#### [REQUIRED WORK]
What is wanted is every line below from the one with "屏東九如里港交流道。近趙壽山豬腳餛沌 6米路 方正漂亮農地" up to and including the one with "ヘコむあだ名 | 『るなよ(爆)』『るなぷりん』『牛乳』 |", retyped exactly, pictures excluded, nothing else.

#### [DATASET ENTRIES]
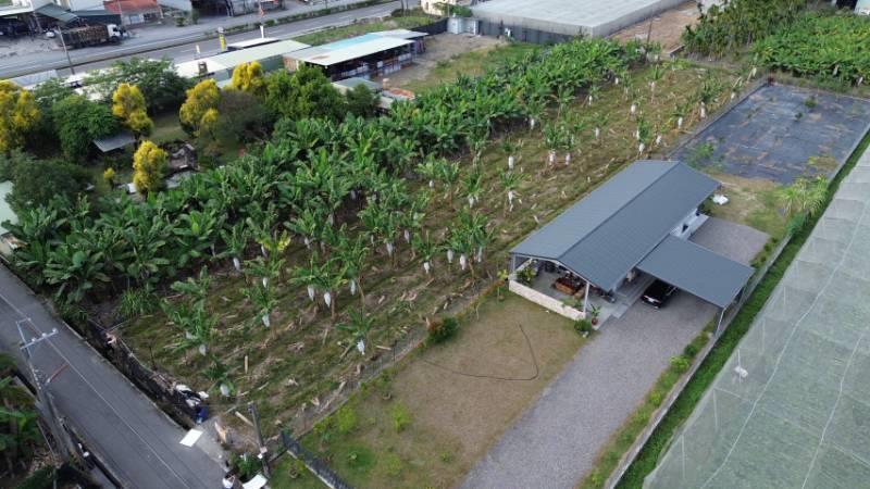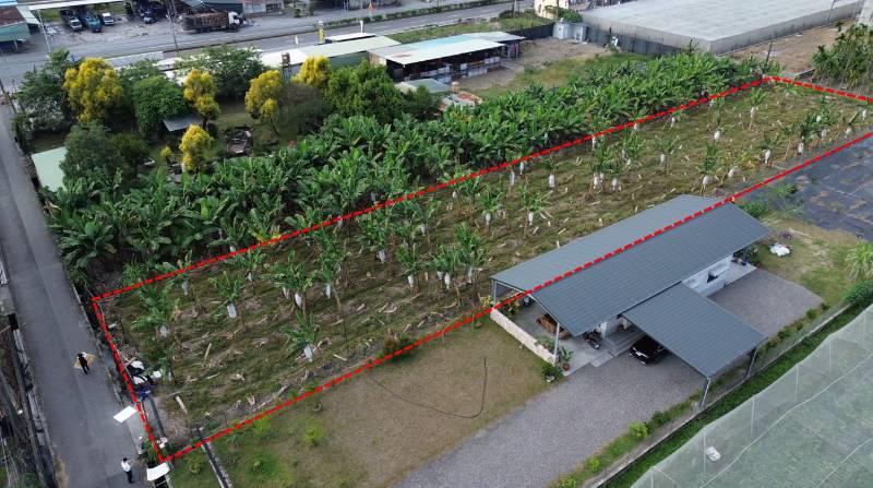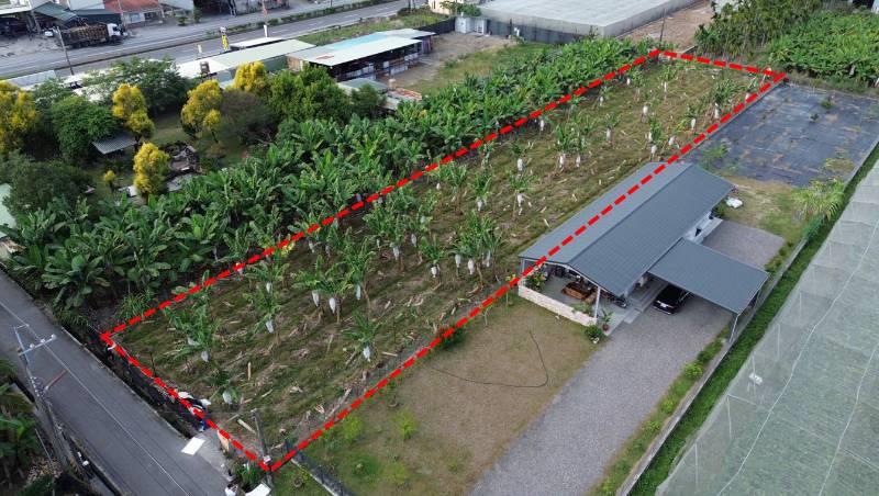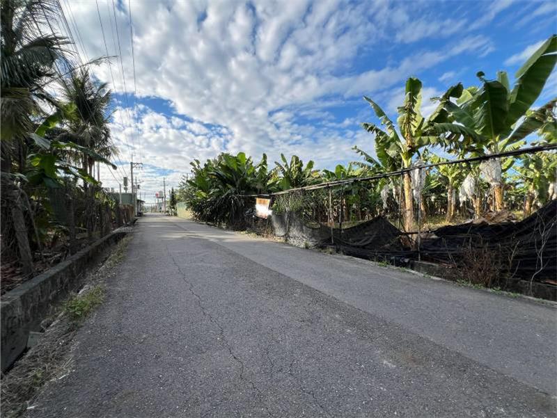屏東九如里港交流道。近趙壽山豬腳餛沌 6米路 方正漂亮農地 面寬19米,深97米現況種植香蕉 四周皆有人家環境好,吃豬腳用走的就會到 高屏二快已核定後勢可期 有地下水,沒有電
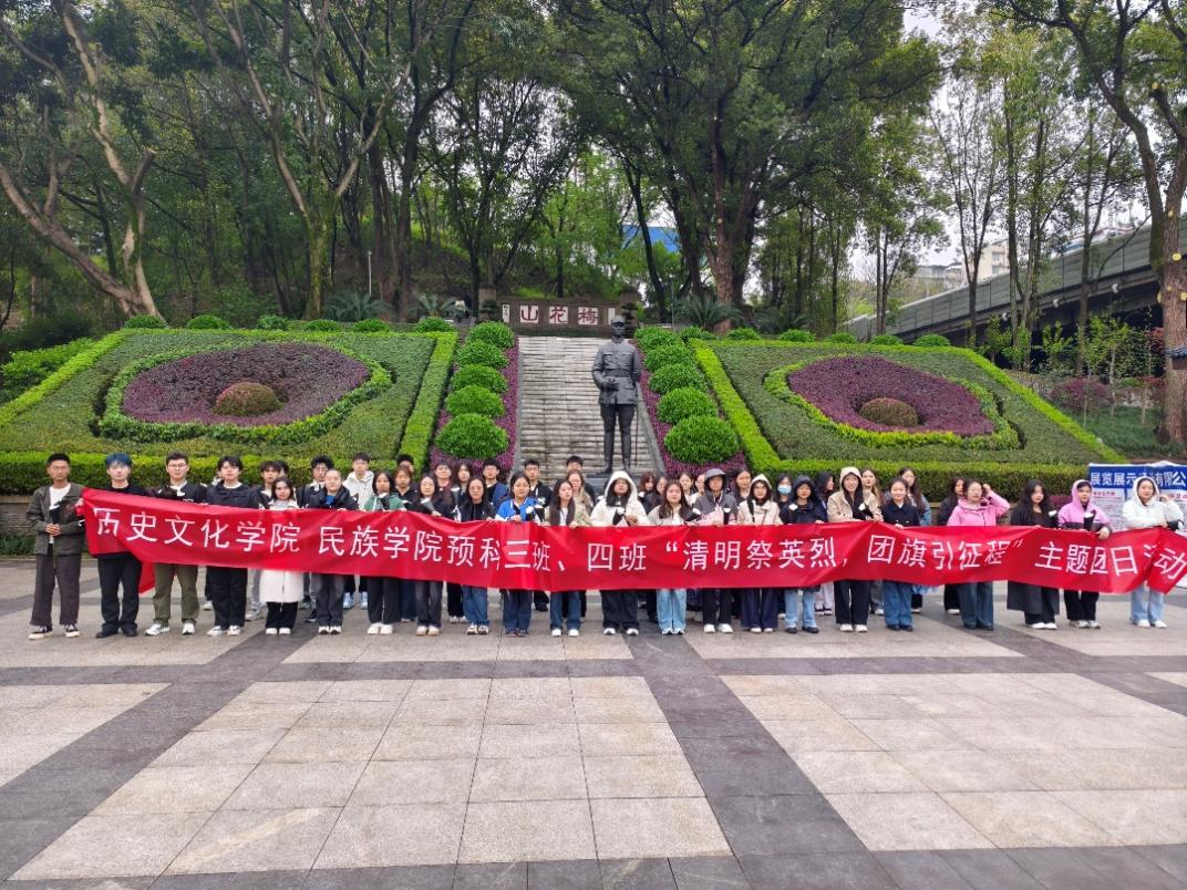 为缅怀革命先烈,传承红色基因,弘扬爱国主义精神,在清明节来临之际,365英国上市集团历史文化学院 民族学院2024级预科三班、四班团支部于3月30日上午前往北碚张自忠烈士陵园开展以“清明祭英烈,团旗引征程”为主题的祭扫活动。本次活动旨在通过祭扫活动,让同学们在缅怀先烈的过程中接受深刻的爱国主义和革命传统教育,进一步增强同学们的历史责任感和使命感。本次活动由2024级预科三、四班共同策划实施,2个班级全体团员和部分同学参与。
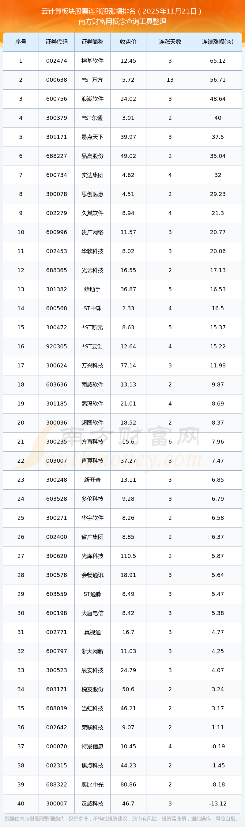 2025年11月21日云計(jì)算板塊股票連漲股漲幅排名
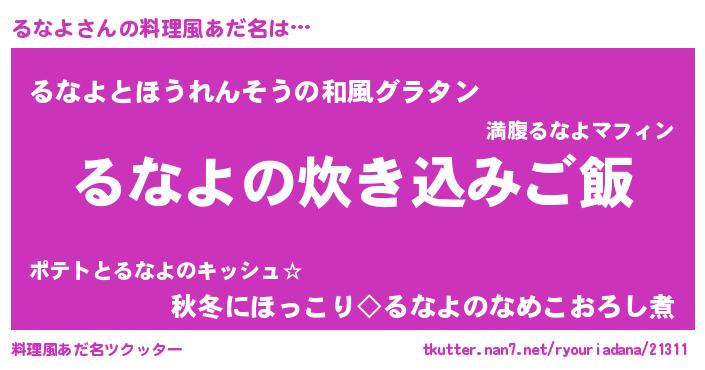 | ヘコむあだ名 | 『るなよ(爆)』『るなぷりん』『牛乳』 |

...

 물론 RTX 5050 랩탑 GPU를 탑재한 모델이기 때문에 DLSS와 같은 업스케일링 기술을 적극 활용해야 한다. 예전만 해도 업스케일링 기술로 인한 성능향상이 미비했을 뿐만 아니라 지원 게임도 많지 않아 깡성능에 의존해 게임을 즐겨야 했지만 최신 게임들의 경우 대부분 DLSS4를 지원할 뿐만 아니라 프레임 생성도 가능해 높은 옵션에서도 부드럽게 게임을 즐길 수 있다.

* * *

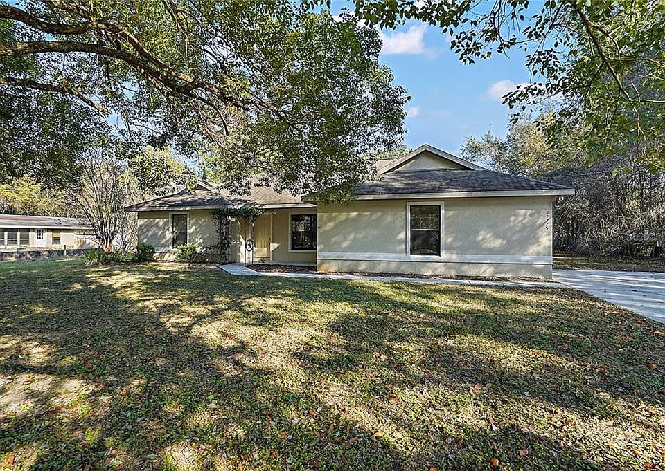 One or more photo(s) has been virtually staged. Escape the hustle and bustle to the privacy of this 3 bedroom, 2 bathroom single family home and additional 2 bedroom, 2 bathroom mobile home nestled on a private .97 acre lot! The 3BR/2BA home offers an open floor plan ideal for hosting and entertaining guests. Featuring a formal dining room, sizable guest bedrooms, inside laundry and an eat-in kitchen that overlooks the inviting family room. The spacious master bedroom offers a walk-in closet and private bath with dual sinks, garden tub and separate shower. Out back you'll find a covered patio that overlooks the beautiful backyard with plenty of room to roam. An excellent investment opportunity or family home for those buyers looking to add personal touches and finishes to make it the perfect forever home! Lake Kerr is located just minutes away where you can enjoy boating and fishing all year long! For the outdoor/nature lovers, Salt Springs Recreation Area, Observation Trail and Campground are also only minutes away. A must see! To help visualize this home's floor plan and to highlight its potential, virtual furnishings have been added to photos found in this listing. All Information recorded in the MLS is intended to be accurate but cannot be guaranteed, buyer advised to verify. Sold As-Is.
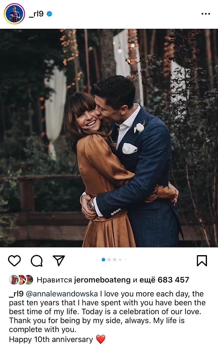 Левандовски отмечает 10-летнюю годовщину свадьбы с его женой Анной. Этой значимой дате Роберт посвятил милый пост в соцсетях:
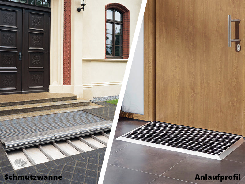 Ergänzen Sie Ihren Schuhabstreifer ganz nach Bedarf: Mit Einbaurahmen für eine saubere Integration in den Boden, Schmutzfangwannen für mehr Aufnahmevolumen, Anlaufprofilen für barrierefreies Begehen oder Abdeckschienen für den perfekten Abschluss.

#### [WRITTEN REPLY]
屏東九如里港交流道。近趙壽山豬腳餛沌 6米路 方正漂亮農地 面寬19米,深97米現況種植香蕉 四周皆有人家環境好,吃豬腳用走的就會到 高屏二快已核定後勢可期 有地下水,沒有電
 为缅怀革命先烈,传承红色基因,弘扬爱国主义精神,在清明节来临之际,365英国上市集团历史文化学院 民族学院2024级预科三班、四班团支部于3月30日上午前往北碚张自忠烈士陵园开展以“清明祭英烈,团旗引征程”为主题的祭扫活动。本次活动旨在通过祭扫活动,让同学们在缅怀先烈的过程中接受深刻的爱国主义和革命传统教育,进一步增强同学们的历史责任感和使命感。本次活动由2024级预科三、四班共同策划实施,2个班级全体团员和部分同学参与。
 2025年11月21日云計(jì)算板塊股票連漲股漲幅排名
 | ヘコむあだ名 | 『るなよ(爆)』『るなぷりん』『牛乳』 |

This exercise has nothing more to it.